AI drives digital transformation for telecom leaders, but scaling it across complex hybrid environments remains one of the toughest challenges. Safaricom, one of Africa’s most advanced and AI-mature mobile operators, faced this head-on. With over 50 million users and an AI ecosystem spanning cloud and on-prem infrastructure, Safaricom needed to move faster, from model development to deployment, without compromising reliability, governance, or business impact.

In this blog, we explore how Safaricom reimagined its AI operations using MLRun and Iguazio to overcome legacy bottlenecks, standardize processes, and achieve 5X faster time-to-production.

This blog post is based on a webinar with Hillary Murefu Wangila, Head of AI, and Anthony Nyaga Irugu, Lead ML Engineer, from Safaricom, and Salesh Bhat, Principal Architect from Iguazio (a McKinsey company). You can dive deeper into the use cases, architectures and demo by watching the full webinar here.

How to Reliably Scale AI for 50M Users

Safaricom is one of the most successful mobile operators in East and Central Africa, serving ~50 M users. However, their legacy Al stack lacked standardization and was complicated and siloed. Achieving secure, production-grade scalability and reliability required immense effort, and production timelines were five times longer than they needed to be.

In addition, their data science and MLE teams were disparate, resulting in long processes which delayed models from reaching production. It took weeks of refactoring just to move code from notebooks to production.

The team needed an Al infrastructure that would allow them to focus on their expertise rather than tech complexity, and enable them to get to production with ease. They were looking for a solution that would let each expert focus on their own craft: data scientists on modeling, MLOps engineers on deployment and scalability, and data engineers on pipelining data.

At the same time, the solution had to enable the same experience across cloud and on-premises, streamline, automate and accelerate the Al process, and provide the foundation for new Gen AI use cases.

What is the Iguazio AI Factory?

The Iguazio AI factory is the enterprise-grade MLRun, and allows for continuous delivery, automatic deployment and monitoring of AI apps. The factory is based on 4 pipelines:

  1. Data management – Ensures data availability, quality and control to feed the ML system.
  2. Development – Standardizes processes and tooling to improve team efficiency and solution performance.
  3. Deployment – Standardizes processes and provisions tooling to reliably deploy solutions with “One Click”.
  4. LiveOps – Monitors models to maintain reliable performance and drive continuous improvement.

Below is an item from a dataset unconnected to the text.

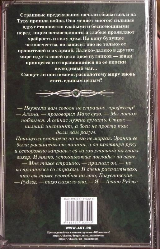ОписаниеСтрашные предсказания начали сбываться, и на Туру пришла война. Она меняет многое: сильные вдруг становятся слабыми и беспомощными перед лицом неизведанного, а слабые проявляют храбрость и силу духа. На кону будущее человечества, но зависит оно не только от правителей и их армий. Далеко-далеко в другом мире идут к своей цели двое путников - юная принцесса и отправившийся на ее поиски нелюдимый маг… Смогут ли они помочь расколотому миру вновь стать единым целым?Страшные предсказания начали сбываться, и на Туру пришла война. Она меняет многое: сильные вдруг становятся слабыми и беспомощными перед лицом неизведанного, а слабые проявляют храбрость и силу духа. На кону будущее человечества, но зависит оно не только от правителей и их армий. Далеко-далеко в другом мире идут к своей цели двое путников - юная принцесса и отправившийся на ее поиски нелюдимый маг… Смогут ли они помочь расколотому миру вновь стать единым целым?

The platform integrates seamlessly with CI/CD tools, infrastructure as code, and both on-prem and cloud environments, enabling scalable, production-ready AI pipelines. It also allows continuous model monitoring for drift, bias, and hallucinations.

Users can also use an open-source MLRun marketplace with pre-defined functions, codes and notebooks. This simplifies pipeline development, training, inference and serving across the lifecycle.

Safaricom Deploys MLRun

Safaricom chose MLRun and the Iguazio Gen Al Factory to automate and accelerate operationalization of their Al applications in live environments. The value was demonstrated through the migration of three leading use cases, resulting in 5x acceleration of Al:

  1. Optimizing MPESA Apps – Mini apps that provide personalized services like upselling, cross-selling and customer feedback in real-time. 59% of Kenya’s GDP is processed through MPESA.
  2. Customer segmentation based on 30 metrics to garner feedback & enrich NPS
  3. Predictive modeling of customer actions & customer segmentation to decrease churn and increase upsells

(Below, we’ll dive deeper into use cases #1 and 2).

The impact:

  • 5x faster time to production
  • Standardized & automated AI operationalization
  • Gen AI-ready infrastructure
  • Support for hybrid environment: AWS and on-prem

AI Use Case Migration from On-prem to AWS with Iguazio and MLRun

As part of a strategic exercise, 16 Al use cases were planned to be migrated to AWS from on premise infra. The goal was to unify on-prem and cloud environments into a hybrid setup, enabling seamless failover and deployment between them.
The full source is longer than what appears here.